Freud's idea of rational action is that it is in perpetual tension with emotional and especially sexual desire toward gratification but that a desire for and engagement in both rational action and satisfaction of desire characterizes human experience. However, rational action per se comes about as the individual ego evolves from infancy to adulthood, increasingly experiencing the fact that it and the organism that it inhabits is different from (and alien to) the world that is external to it: "originally the ego includes everything, later it separates off an external world from itself" (Freud 15).

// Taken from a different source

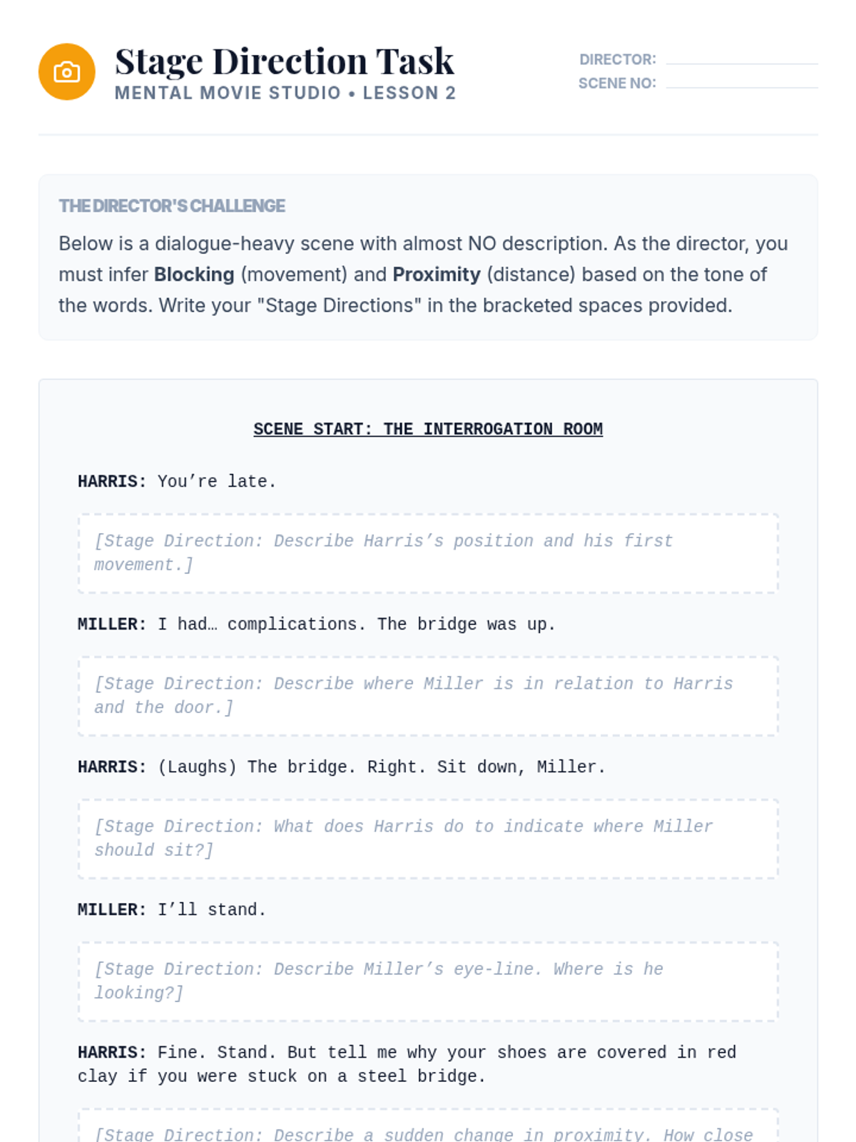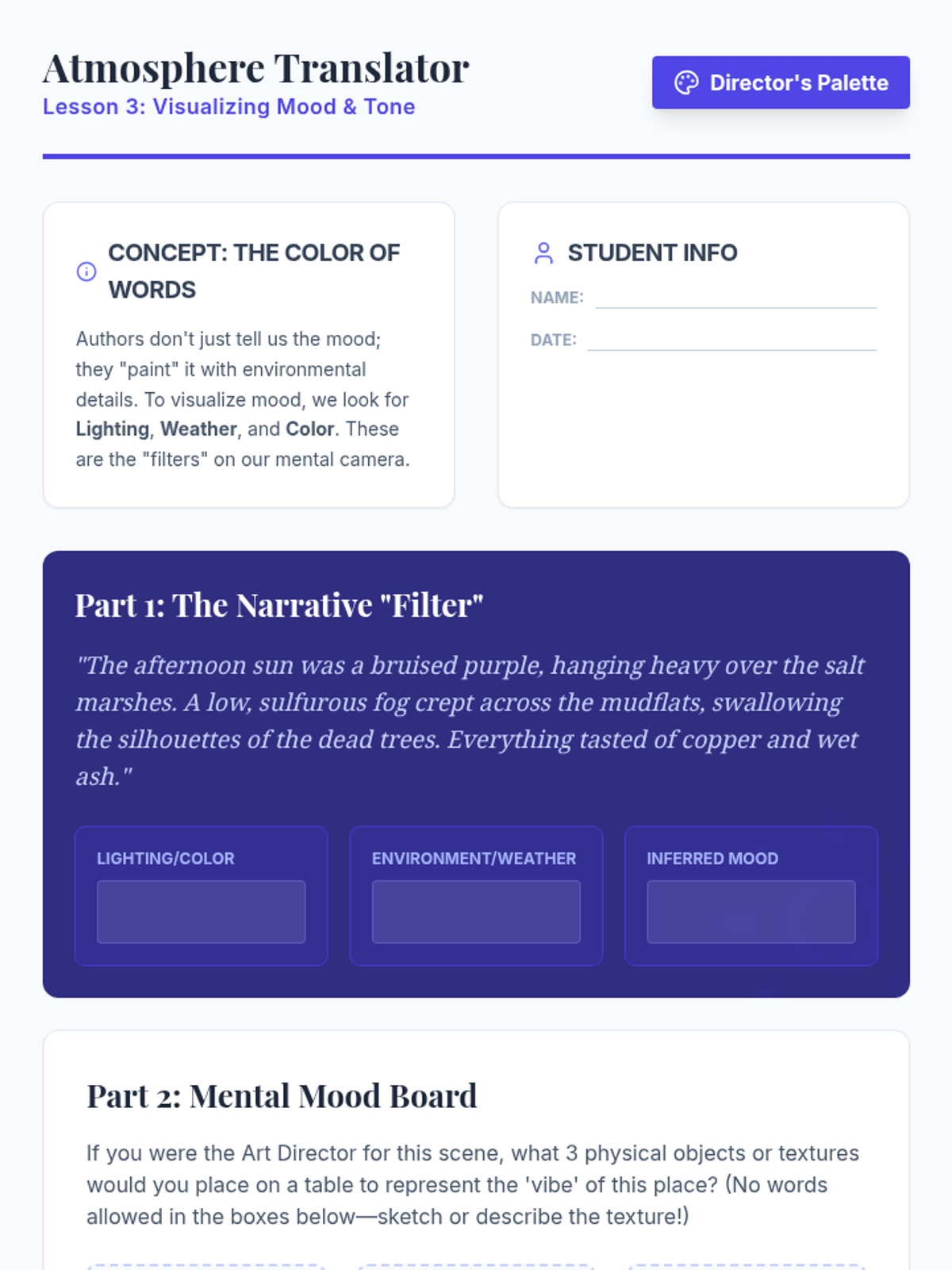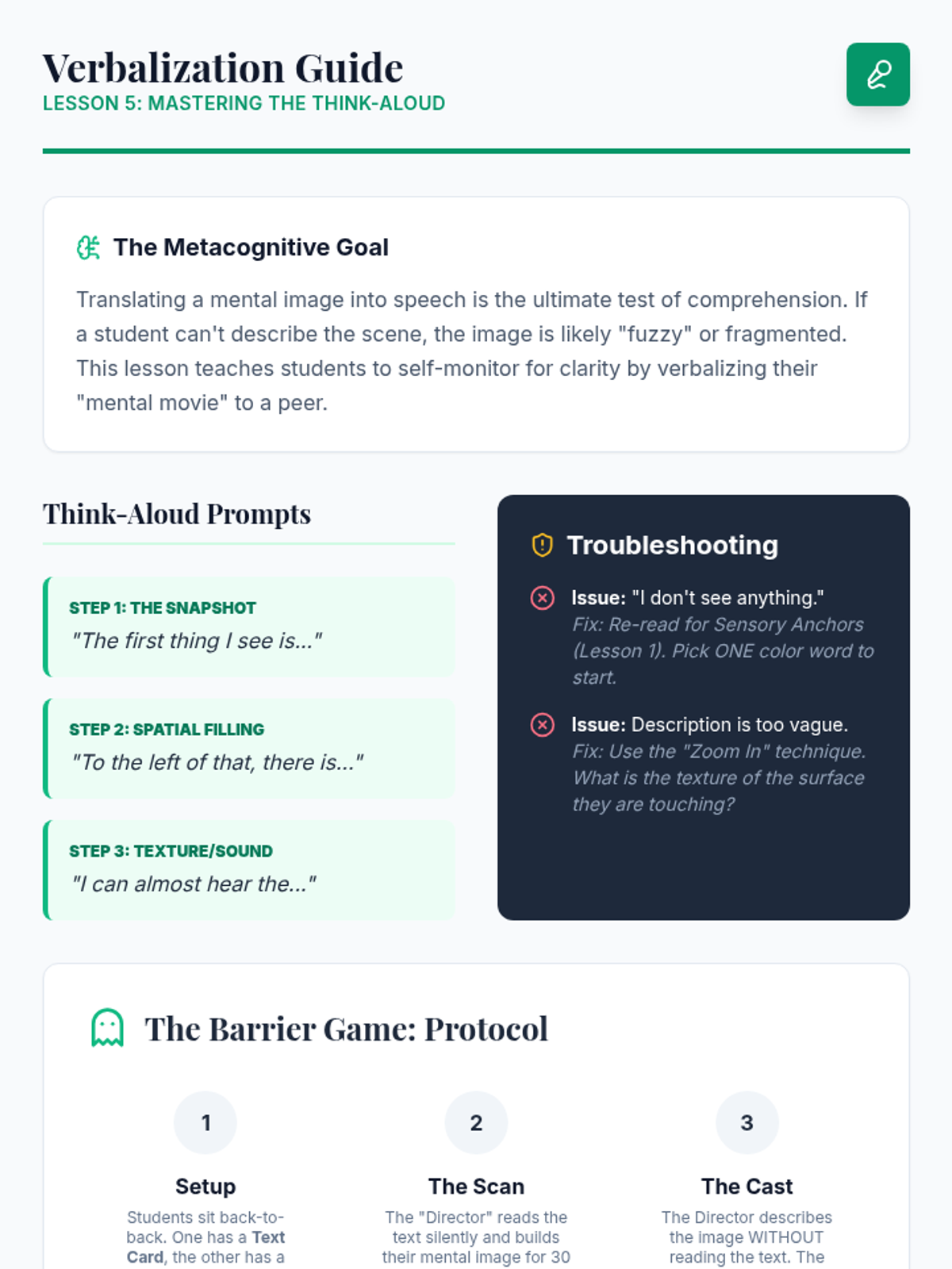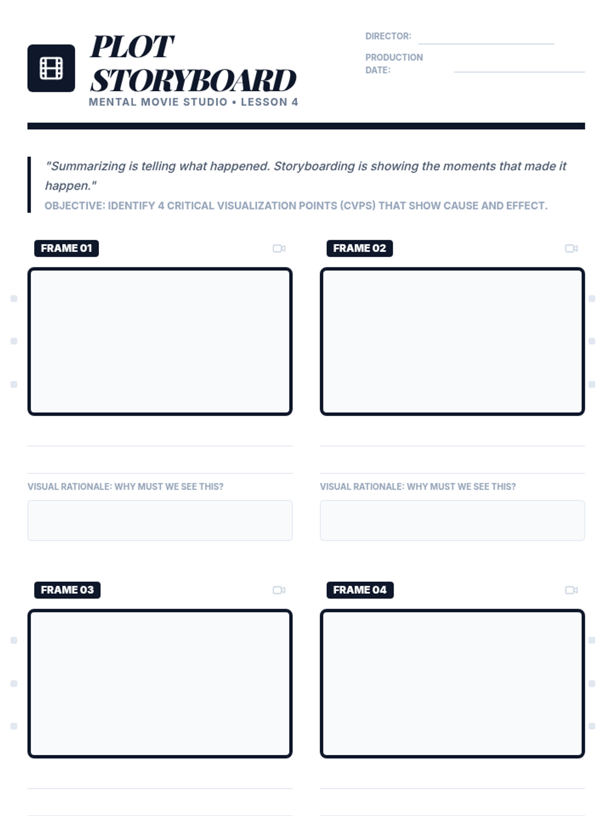 A specialized literacy sequence for 12th-grade students focused on using visualization strategies to decode and analyze complex narrative texts. Students adopt the persona of film directors to translate descriptive language into vivid mental imagery, enhancing comprehension, memory retention, and inference skills.

Alienation of the ego from the world arises out of recognition of the separation. The ego encounters conflict even as it seeks satisfaction, or happiness, and as it seeks to accommodate itself to what is other, the world, in hope of experiencing happiness. Freud cites the "dichotomy" of human aims: "man's activity develops in two directions, according as it seeks to realize . . . the one or the other of these aims" (25). Man is pulled toward social interaction to avoid isolation but away from it to avoid inevitable human conflict. Impulse toward rational action is an impulse away from the experience of conflict. Freud connects it to an impulse toward social interaction, which involves "becoming a member of the human community, and with the help of a technique guided by science, going over to the attack against nature and subjecting her to the human will" (27). Another rational strategy displaces impulses of sexual drive, or libido, "in such a way that they cannot some up against frustration from the external world" (29). Work that is "psychical" or "intellectual"--i.e., highly active in a rational, or mental, way--is most likely to be successful, according to Freud. But Freud cannot avoid the conflict embedded in such a solution, for mental creativity or brilliance "is accessible to only a few people" (30). In other words, only a few w...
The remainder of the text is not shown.